Приглашаем посетить
Черный Саша (cherny-sasha.lit-info.ru)

Automating Tasks

Table of Contents
Previous Next

Automating Tasks

When used from the command line, PHP can help automate tasks under Windows and Linux. One common task for it to perform is to parse the day's web logs, which are stored in NCSA Common Log Format, the default log type for Apache. Having analyzed the log, PHP should then e-mail a summary to the web site administrator. For this we will need a simple script that will do the following:

We then need to set up the script to run at midnight every night.

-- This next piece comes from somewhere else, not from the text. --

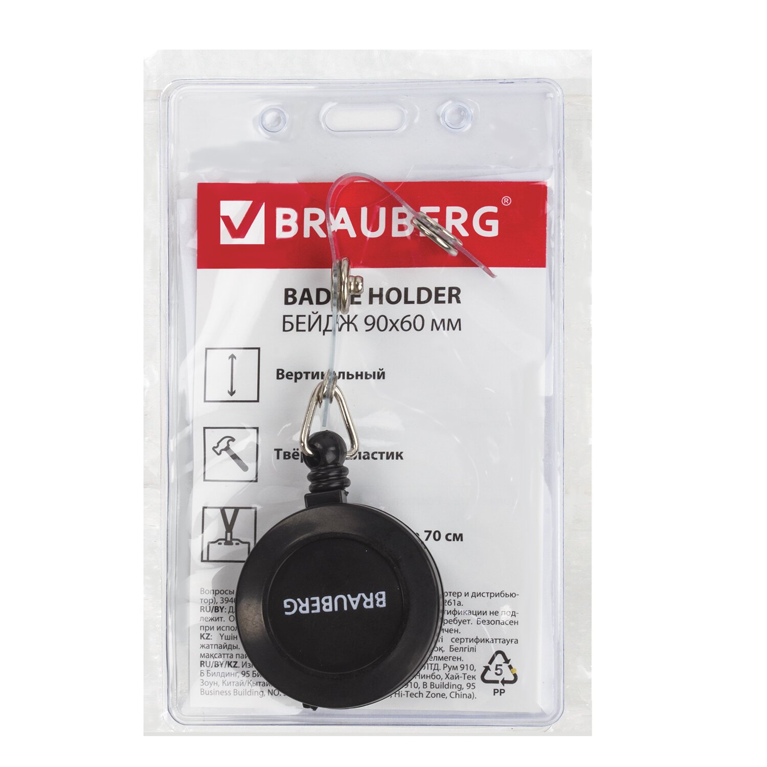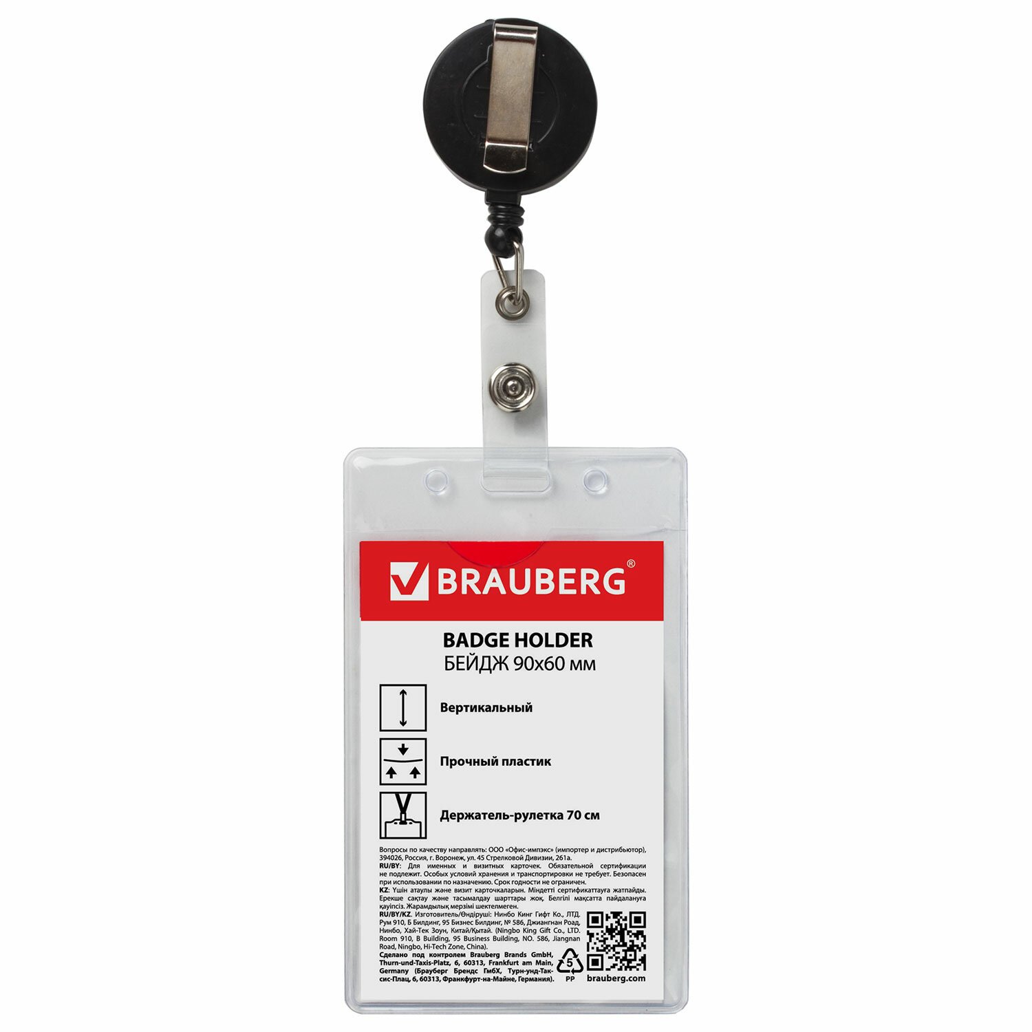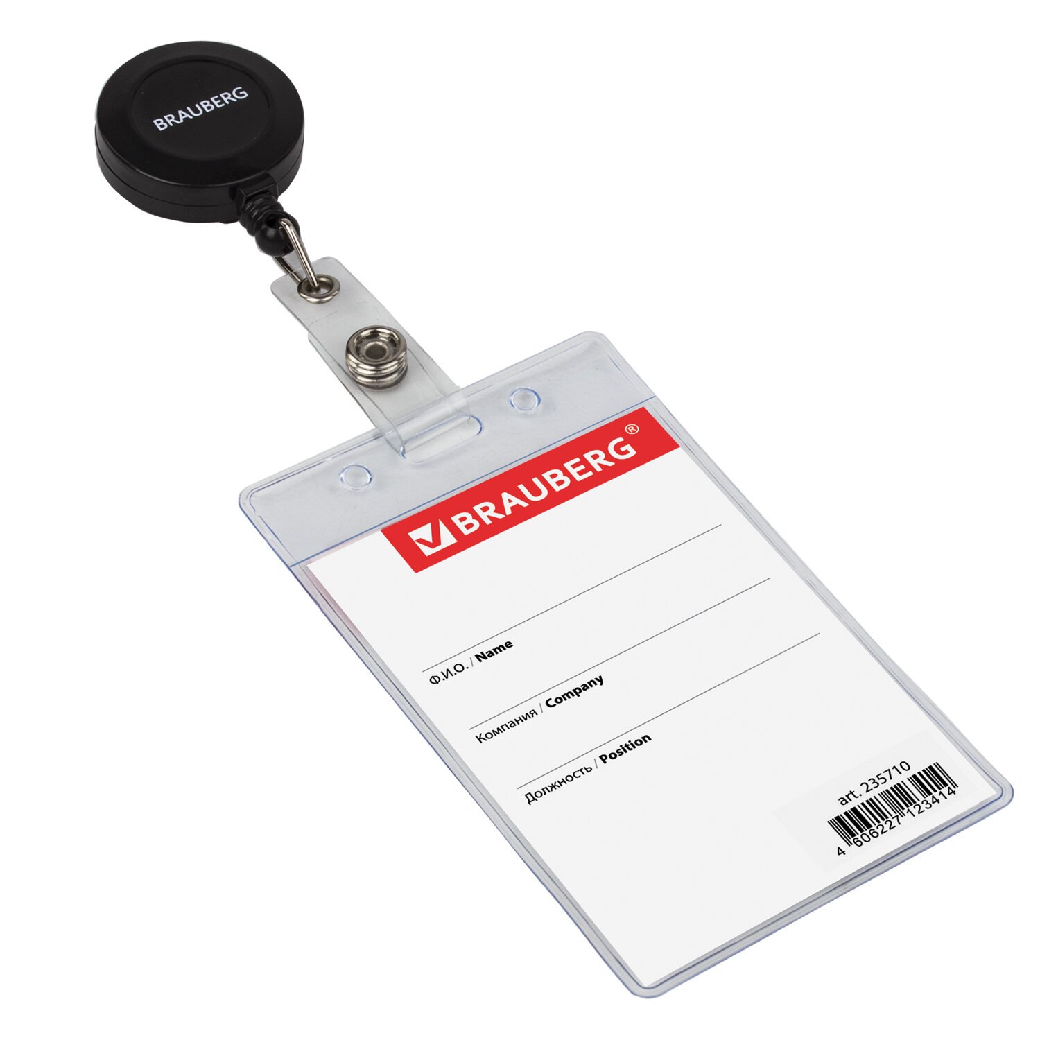 Вертикальный бейдж BRAUBERG на держателе-рулетке используется для размещения именных карточек, пропусков, пластиковых карт.

NCSA Common Log File Format

In the NCSA format there is one entry per line, each entry being a request made to the server. The best way to explain the log file is to look at an example:

    10.0.0.1 - - [10/Apr/2001:14:22:57 +0100] "GET /icons/blank.gif HTTP/1.1" 404 287
    10.0.0.1 - - [10/Apr/2001:14:24:37 +0100] "GET /error.php HTTP/1.1" 500 289
    10.0.0.5 - - [10/Apr/2001:14:25:00 +0100] "GET /private/index.php HTTP/1.1" 401
    291
    10.0.0.5 - jm [10/Apr/2001:14:25:32 +0100] "GET /private/index.php HTTP/1.1" 200
    770
    10.0.0.2 - - [10/Apr/2001:14:26:58 +0100] "GET /links.php HTTP/1.1" 200 99

Here we have various requests to a local web server that have been taken from my own logs. Each line has the following form:

    ClientIP - UserName [Date:Time TimeZone] "Method URI HTTPVersion" StatusCode
    BytesSent

If we look at the first line of the extract from the logs it tells us that the client with the IP address 10.0.0.1 requested a page from our web server at 14:22:57 on the 10th April 2001 in the time zone GMT + 1 hour (British Summer Time). They requested to view the resource /icons/blank.gif via the GET method using the HTTP protocol version 1.1. The server could not find this file, and sent a 404-status code that generated 287 bytes of outgoing traffic. The log also shows that the same user made a request for the page /error.php which caused the server to return a 500 status code (Internal Server Error), generating 289 bytes with this request.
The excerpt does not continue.